DATASET EXTRACT section start
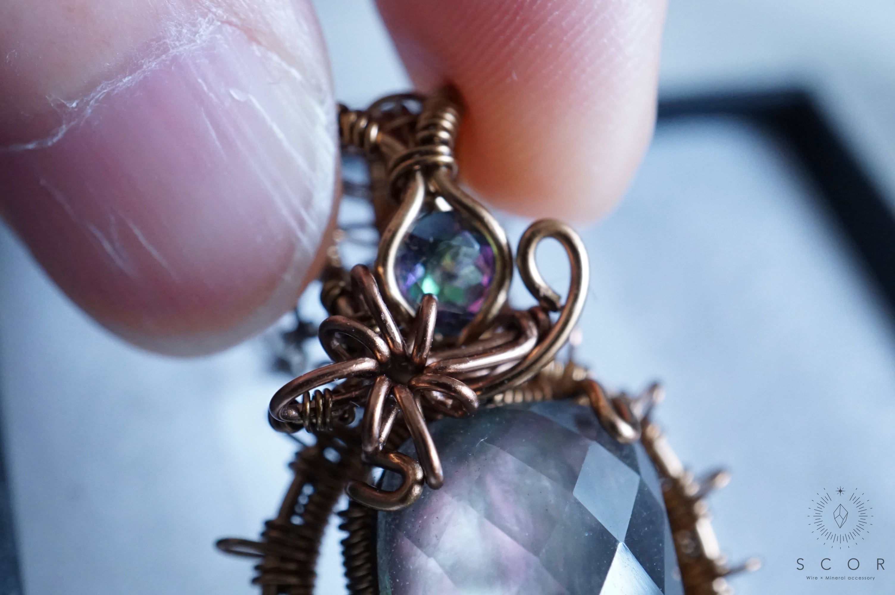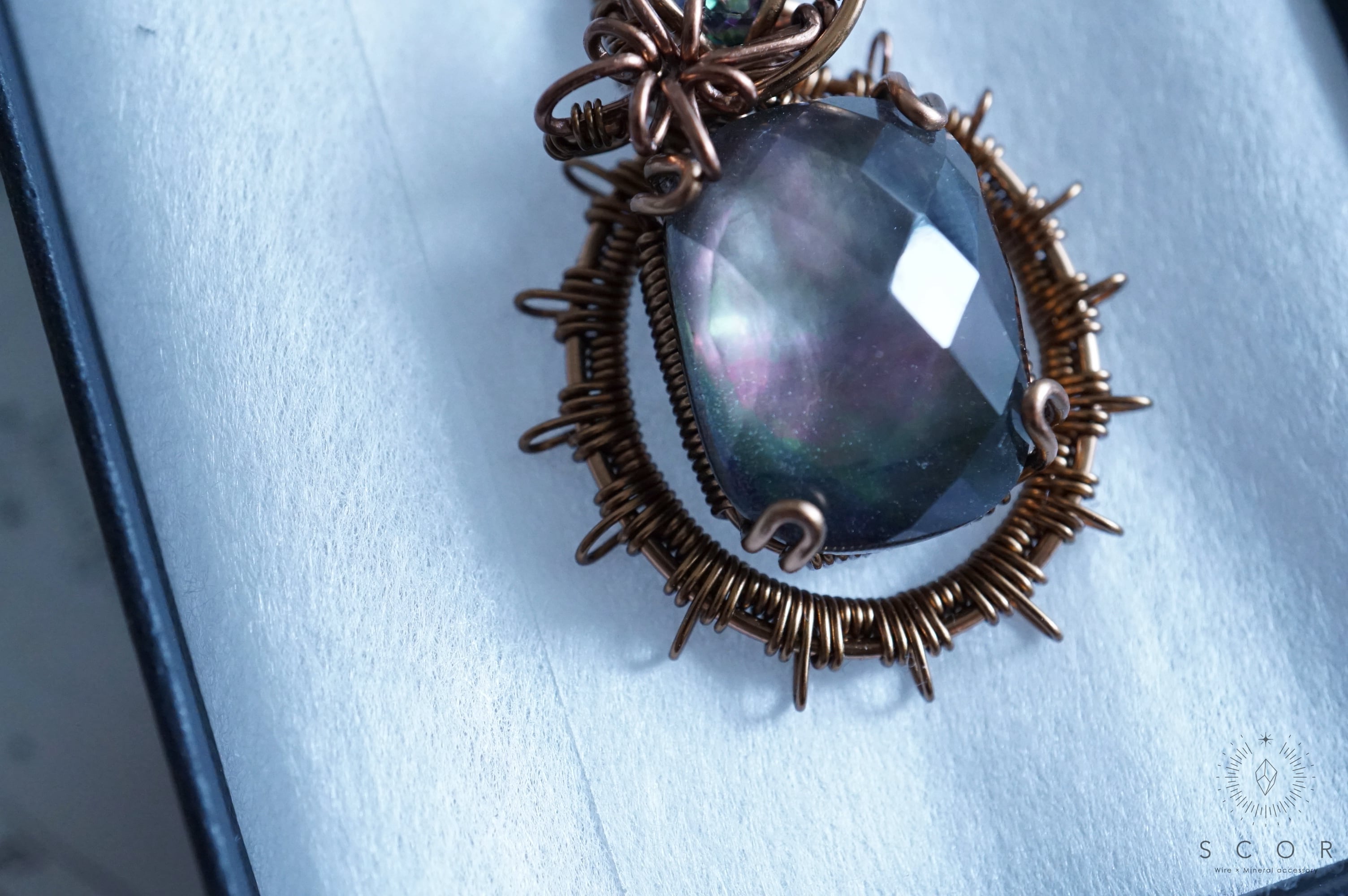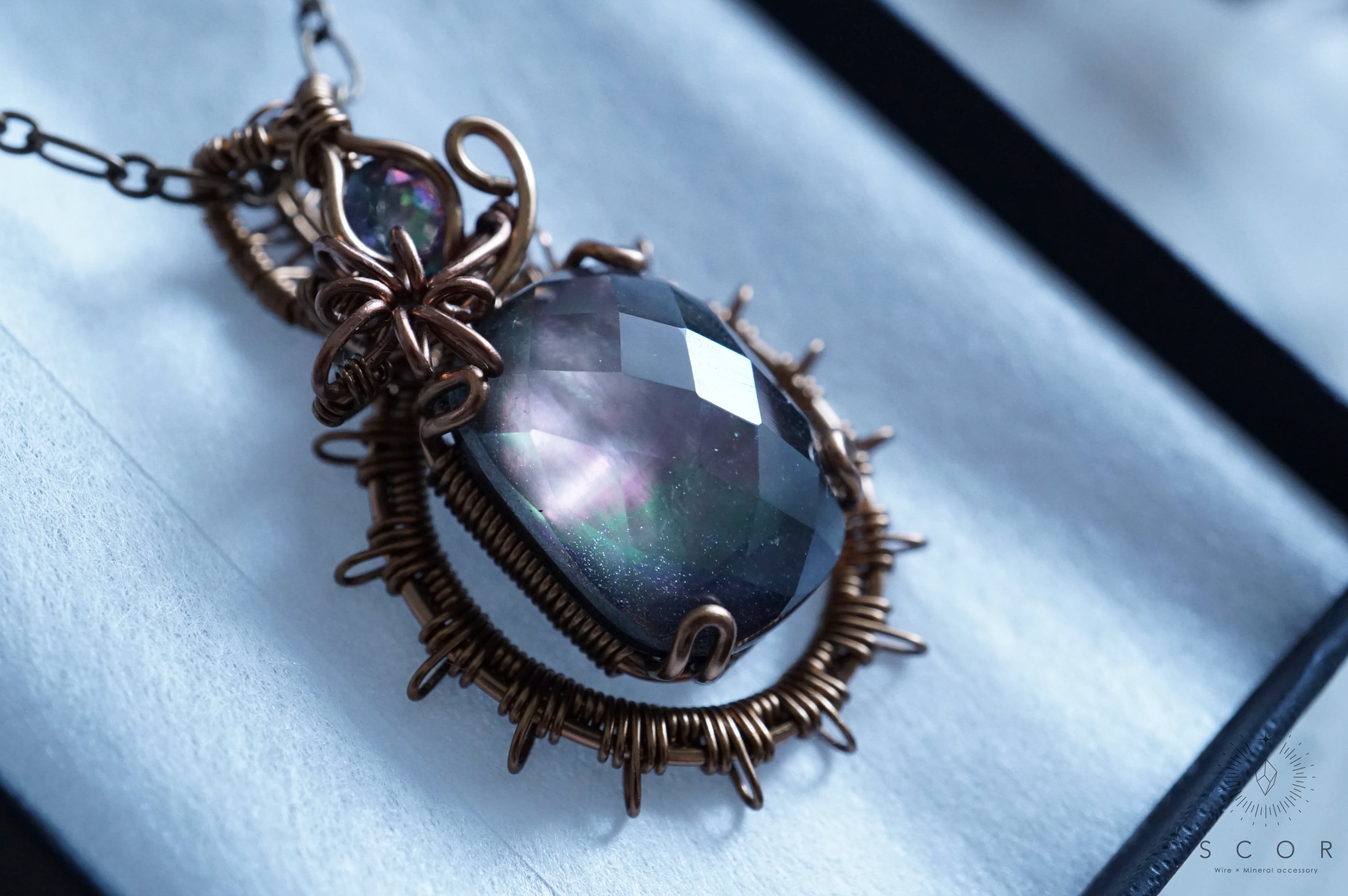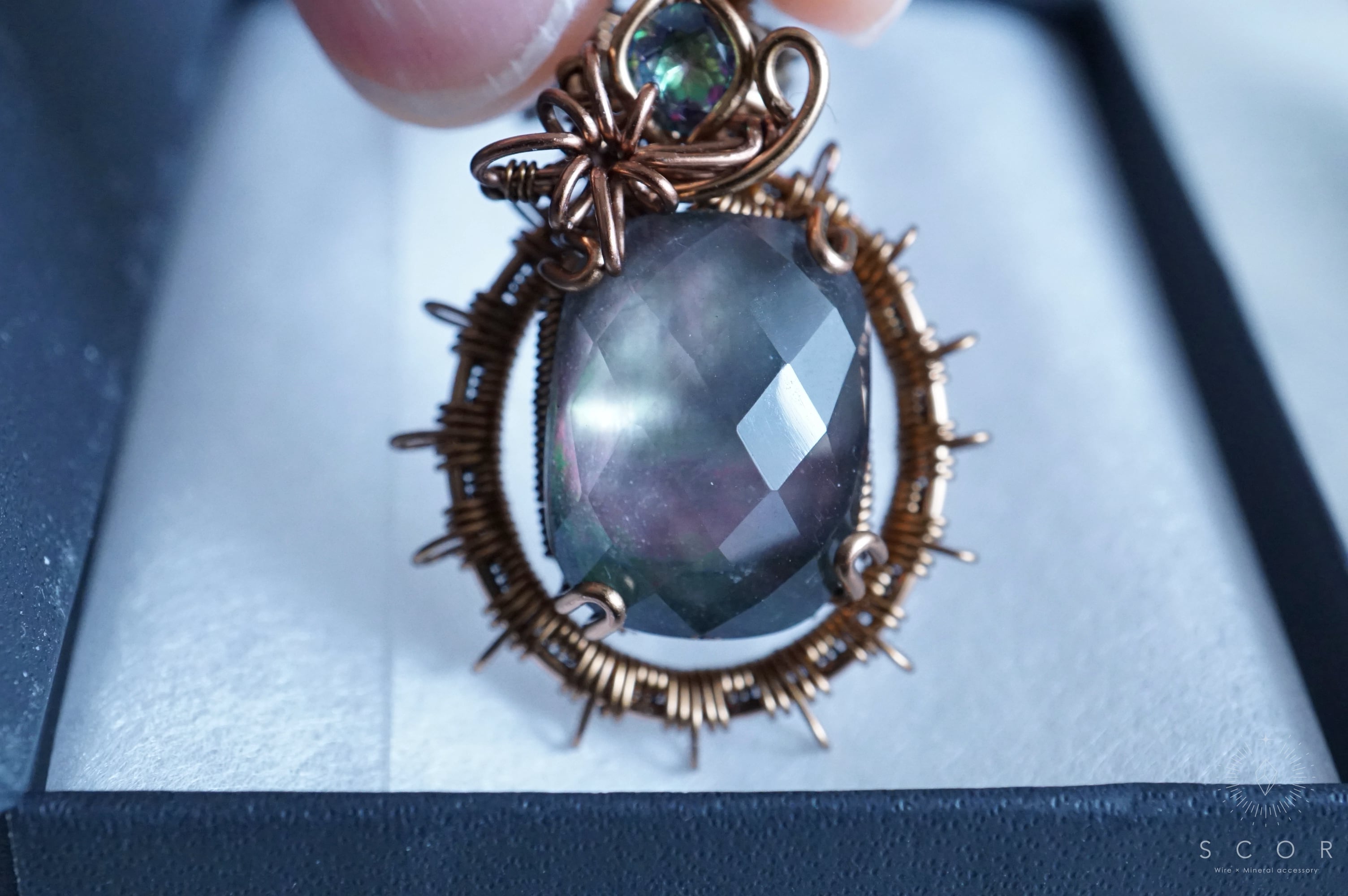 黒蝶貝のパープルとグリーンのオーロラのような光沢が、表面にチェッカーボードカットが施された水晶ドーム越しに見える、幻想的でクラシカルなムードのあるピースです。
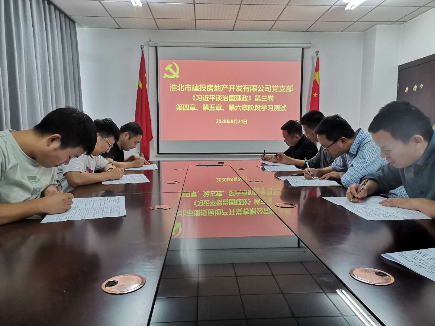 房地產(chǎn)黨支部9月24日組織全體黨員、入黨積極分子在會議室開展《習(xí)近平談治國理政》第三卷重要知識點測試。
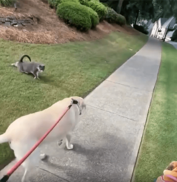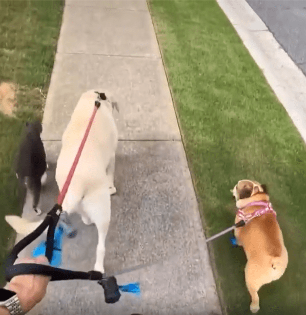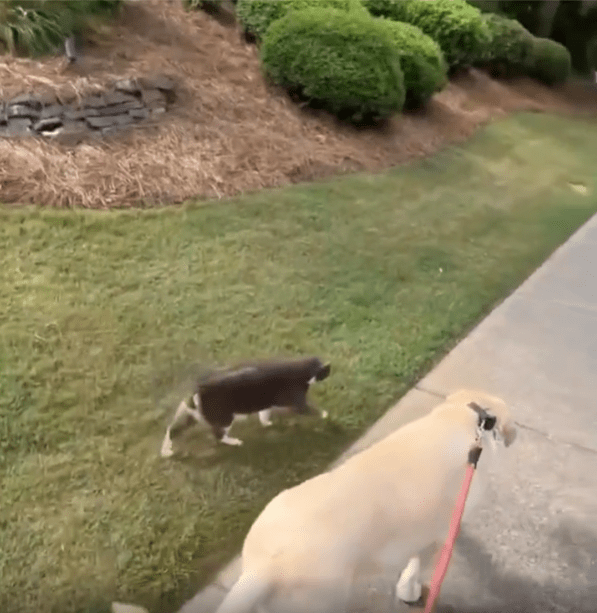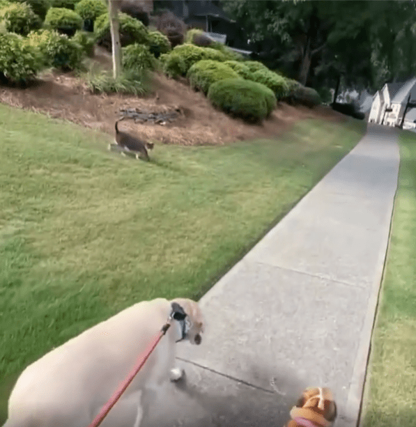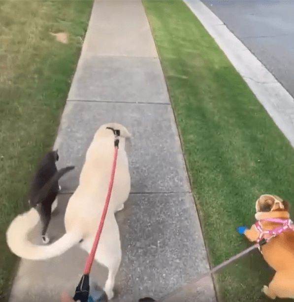 햇살 좋은 길가, 주인이 두 마리의 강아지와 나란히 산책을 하고 있습니다. 강아지들은 리드줄에 매여 있지만 자연스럽게 걷고 있고, 주인의 발걸음에 맞춰 조용히 앞을 따라가고 있죠. 한적한 풍경, 평화로운 장면. 그런데 그 순간, 예상치 못한 존재가 프레임 안으로 등장합니다.
DATASET EXTRACT section end
§ **GOAL OF THE EXERCISE**
Reproduce the entire listing exactly, except for any pictures it contains.

§ **TASK SOLUTION**
 黒蝶貝のパープルとグリーンのオーロラのような光沢が、表面にチェッカーボードカットが施された水晶ドーム越しに見える、幻想的でクラシカルなムードのあるピースです。
 房地產(chǎn)黨支部9月24日組織全體黨員、入黨積極分子在會議室開展《習(xí)近平談治國理政》第三卷重要知識點測試。
 햇살 좋은 길가, 주인이 두 마리의 강아지와 나란히 산책을 하고 있습니다. 강아지들은 리드줄에 매여 있지만 자연스럽게 걷고 있고, 주인의 발걸음에 맞춰 조용히 앞을 따라가고 있죠. 한적한 풍경, 평화로운 장면. 그런데 그 순간, 예상치 못한 존재가 프레임 안으로 등장합니다.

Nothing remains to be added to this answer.